Love Columbia’s mission has always included coming alongside people who are struggling to make ends meet. It has typically included financial coaching to create and stick with a budget, save and reduce debt and find a job or better job to increase income. It sometimes included providing financial assistance to bridge a gap in income due to illness or job loss or cover an unexpected expense. Our staff and volunteers are proficient at teaching new skills, finding resources and encouraging goal achievement. In 2023, they have had to learn to provide frequent grief support.
People who are being priced out of their rental housing are moving to places they would never dreamed they would have to live. They are often grieving over what they can now afford and, feeling less safe in unfamiliar neighborhoods that may have higher crime rates.

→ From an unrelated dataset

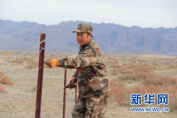 在新疆哈密市七角井鎮七角井村的老村附近,趙金閃在修復荒漠林圍欄(11月2日攝)。新華社記者孫哲攝
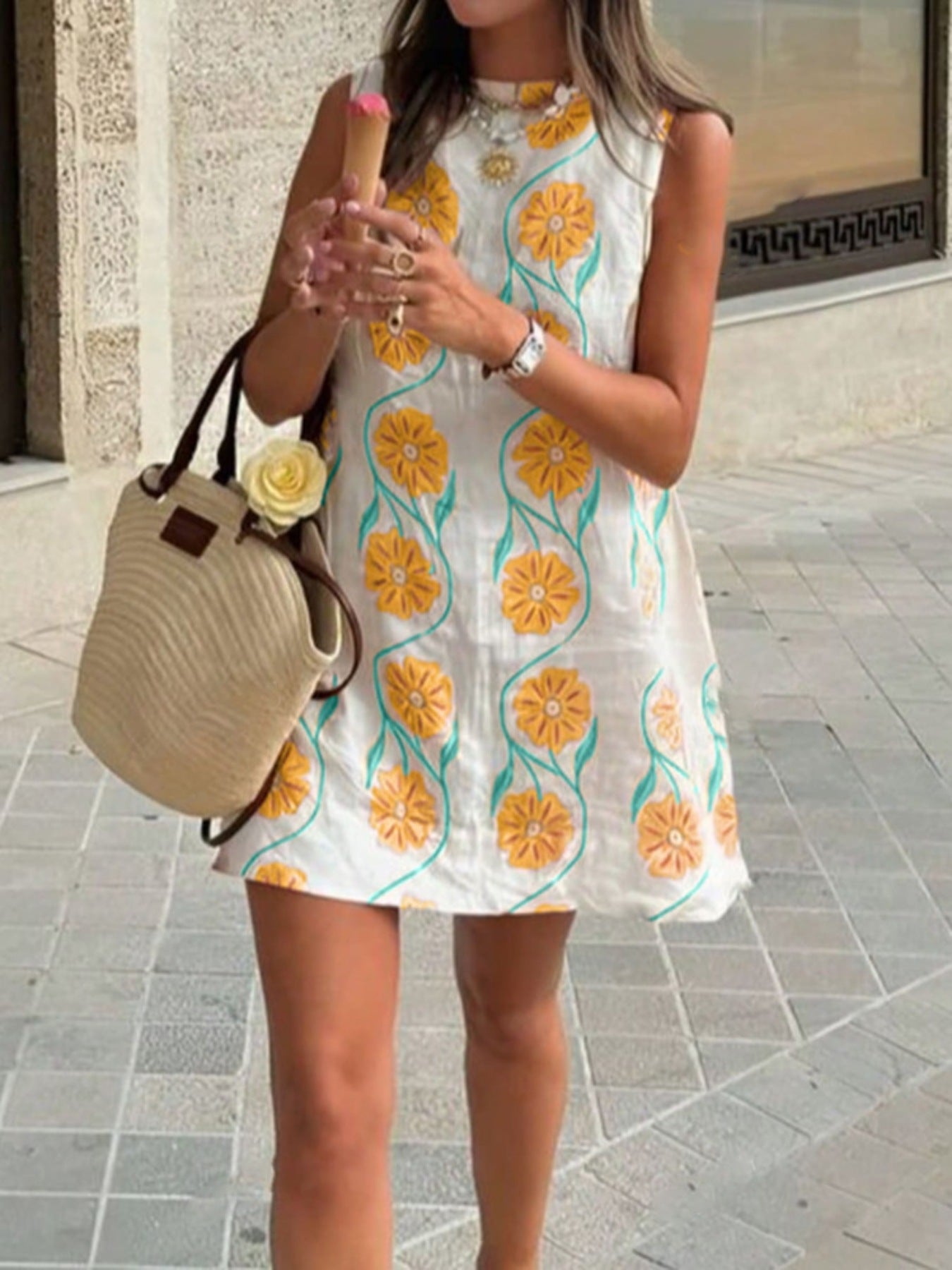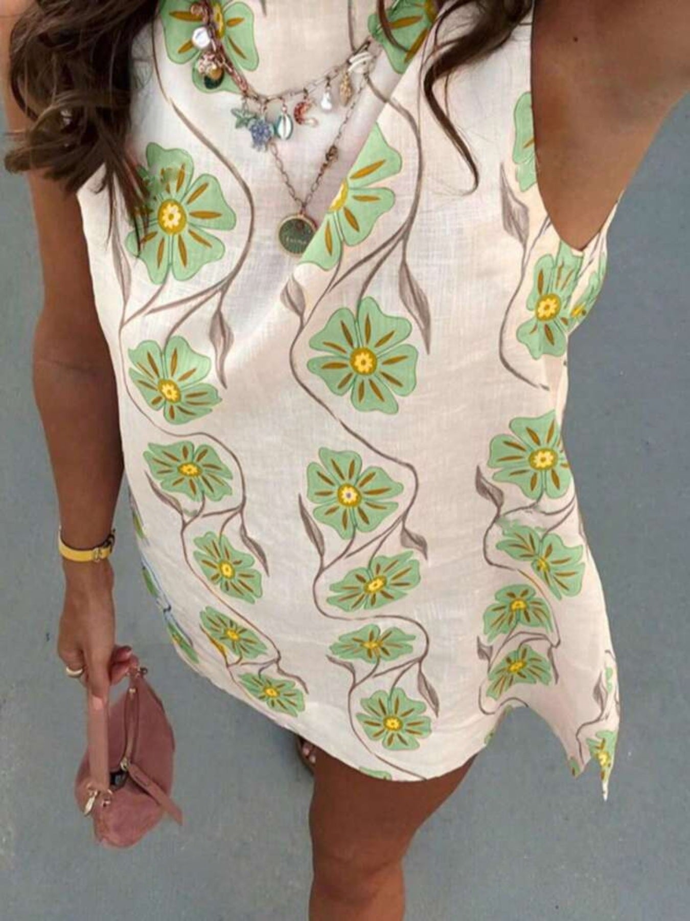 Unleash your inner flower child with this Floral Pattern Sleeveless Mini Dress! Made from 100% polyester (no stretchy business here), it’s perfect for twirling at picnics or just pretending you’ve stepped out of a garden party. Just toss it in the wash and you're ready to frolic again!

This month, we helped a 65 year old woman “downsize” from her three bedroom duplex on the south side of Columbia to an upstairs unit in a Northeast Columbia six-plex. She told us the only way she managed to cope was the kindness of our volunteers and staff who helped her pack and move. Since moving in, she has fallen due to an unsecured stair railing and literally gotten lost driving home from the store. In 2019, she paid $850 per month for her duplex. The rent steadily increased until, to renew her lease, she would have had to pay $1,350 per month. This was impossible on her fixed retirement income. So we stepped in with packing tape, words of encouragement and a few tears of our own to give her the support she needed.
As the need for this type of “downsizing” has increased, we have started brainstorming how to engage the community in the housing crisis-related grief support work. We believe some homemade quilts or art, even some fresh paint, could make a difference for those who are experiencing loss. Maybe more “neighbors” showing up to visit parts of town they have not frequented before could begin to bind the community together and make the unfamiliar feel familiar.
We welcome your ideas as we step into new territory. There is opportunity for expanded hearts and community change as we lean into the struggles of our neighbors and lean on one another to seek community solutions.